INSTRUCTIONS FOR THE TASK: Nothing but the records, transcribed exactly, should appear in the answer; leave the pictures out.

RECORD EXCERPTS:

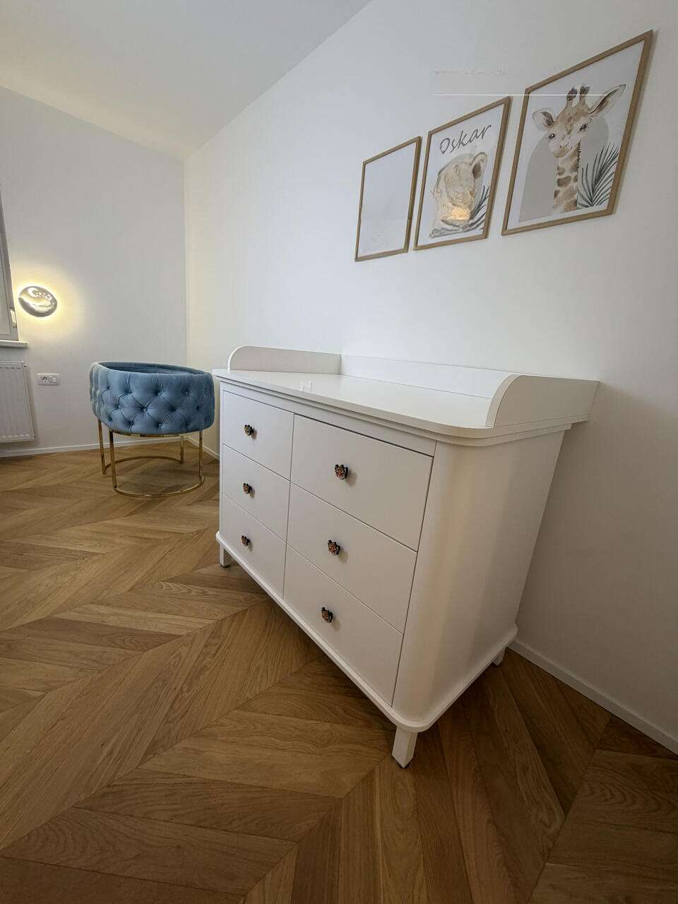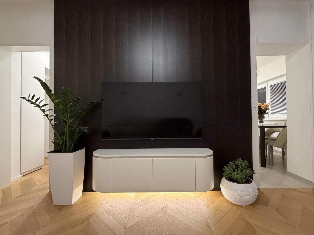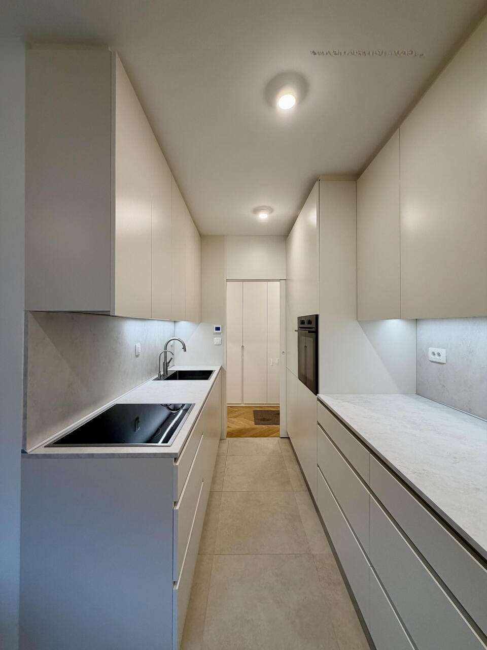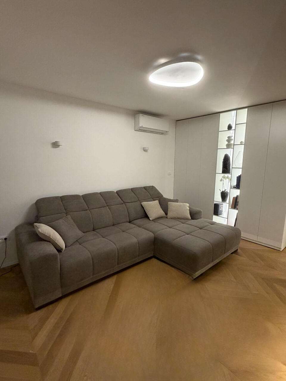 Кухня и гостиная обустроены с передовым оборудованием и высококлассной мебелью. В спальне установлена эффектная парящая двуспальная кровать, а также просторные гардеробы с LED-освещением. Детская комната может служить и кабинетом. В отделке использован масляный дубовый паркет в стиле «французская елочка» и итальянская керамическая плитка. Ванная комната отличается функциональностью и включает душевую и туалет.
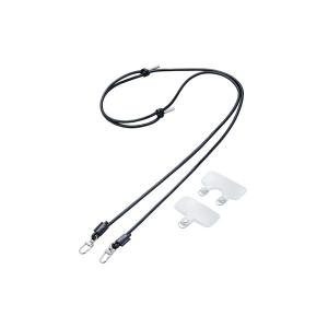 エレコム スマホ ショルダーストラップ 肩掛け 首掛け ストラップホルダー2種類付き レザー 丸紐 4mm ブラック P-STSDH2LR04BK
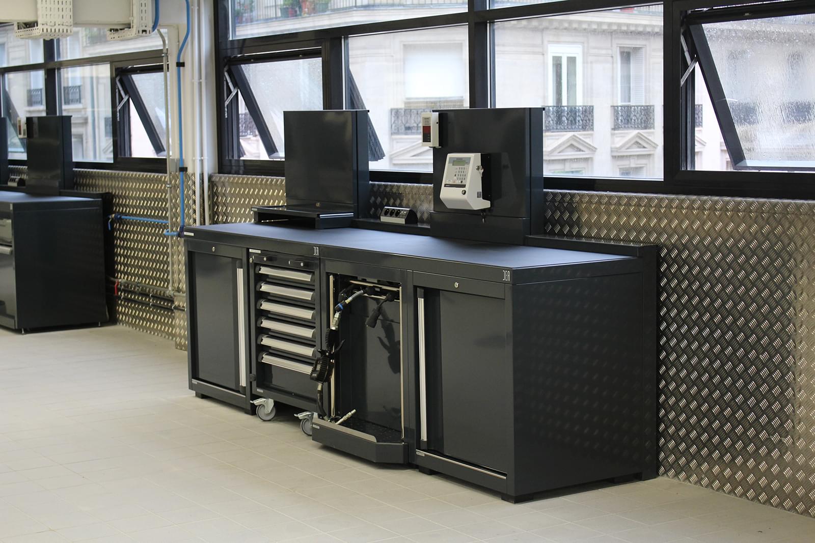 La peculiarità di questo progetto sta nell’ambiente nel quale è stato realizzato: essendo il sito dell’officina un palazzo storico con muri composti per la maggiore da vetrate, non vi era la possibilità di ancorare l’arredo tecnico alle pareti.
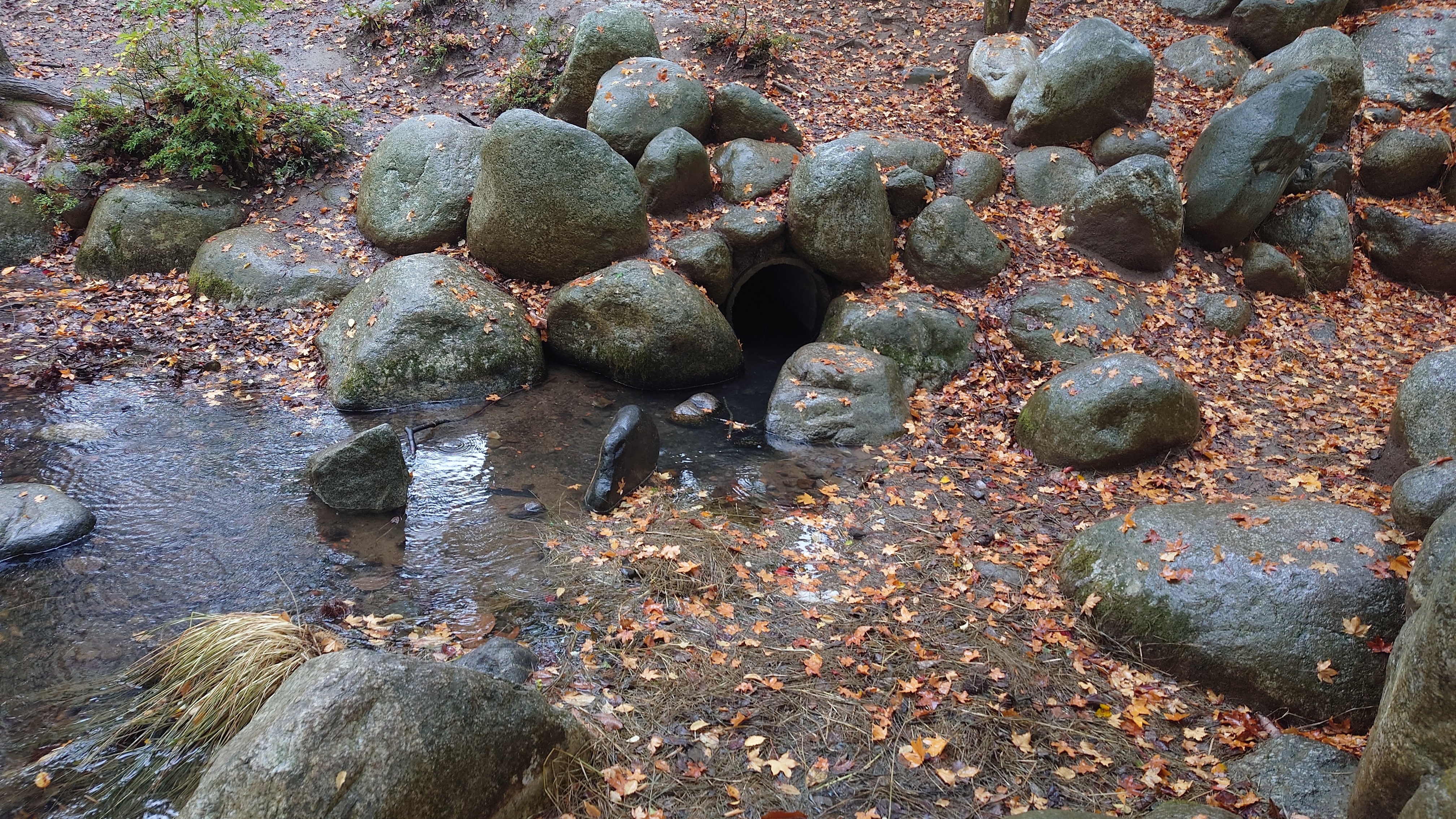 公園内を流れている小川の始まりは滝なのかなと思わせて、真ん中にある土管から流れ出ているという。「滝じゃないんかい!」と思ってしまった小川。
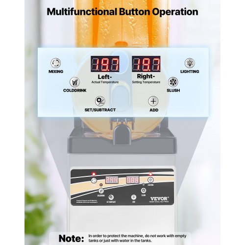 Für verschiedene Getränke: Diese verbesserte kommerzielle Slush-Maschine verfügt über einen einstellbaren Temperaturbereich von 5 bis 50 °F/-15 bis 10 °C, sodass Sie die Weichheit oder Härte Ihrer Getränke steuern können. Für kalte Getränke: 3 bis 5 °C/37,4 bis 41 °F; für alkoholfreien Slush: -3 bis -1 °C/26,6 bis 30,2 °F; für alkoholische Getränke: -15 bis -6 °C/5 bis 21,2 °F. (Empfohlener Zuckergehalt: ca. 13 %, Alkoholgehalt: unter 13 %). Sie eignet sich ideal für die Zubereitung einer Vielzahl von Getränken wie Saft, Tee, Margarita und Eiskaffee.

RESPONSE TO THIS TASK:
 Кухня и гостиная обустроены с передовым оборудованием и высококлассной мебелью. В спальне установлена эффектная парящая двуспальная кровать, а также просторные гардеробы с LED-освещением. Детская комната может служить и кабинетом. В отделке использован масляный дубовый паркет в стиле «французская елочка» и итальянская керамическая плитка. Ванная комната отличается функциональностью и включает душевую и туалет.
 エレコム スマホ ショルダーストラップ 肩掛け 首掛け ストラップホルダー2種類付き レザー 丸紐 4mm ブラック P-STSDH2LR04BK
 La peculiarità di questo progetto sta nell’ambiente nel quale è stato realizzato: essendo il sito dell’officina un palazzo storico con muri composti per la maggiore da vetrate, non vi era la possibilità di ancorare l’arredo tecnico alle pareti.
 公園内を流れている小川の始まりは滝なのかなと思わせて、真ん中にある土管から流れ出ているという。「滝じゃないんかい!」と思ってしまった小川。
 Für verschiedene Getränke: Diese verbesserte kommerzielle Slush-Maschine verfügt über einen einstellbaren Temperaturbereich von 5 bis 50 °F/-15 bis 10 °C, sodass Sie die Weichheit oder Härte Ihrer Getränke steuern können. Für kalte Getränke: 3 bis 5 °C/37,4 bis 41 °F; für alkoholfreien Slush: -3 bis -1 °C/26,6 bis 30,2 °F; für alkoholische Getränke: -15 bis -6 °C/5 bis 21,2 °F. (Empfohlener Zuckergehalt: ca. 13 %, Alkoholgehalt: unter 13 %). Sie eignet sich ideal für die Zubereitung einer Vielzahl von Getränken wie Saft, Tee, Margarita und Eiskaffee.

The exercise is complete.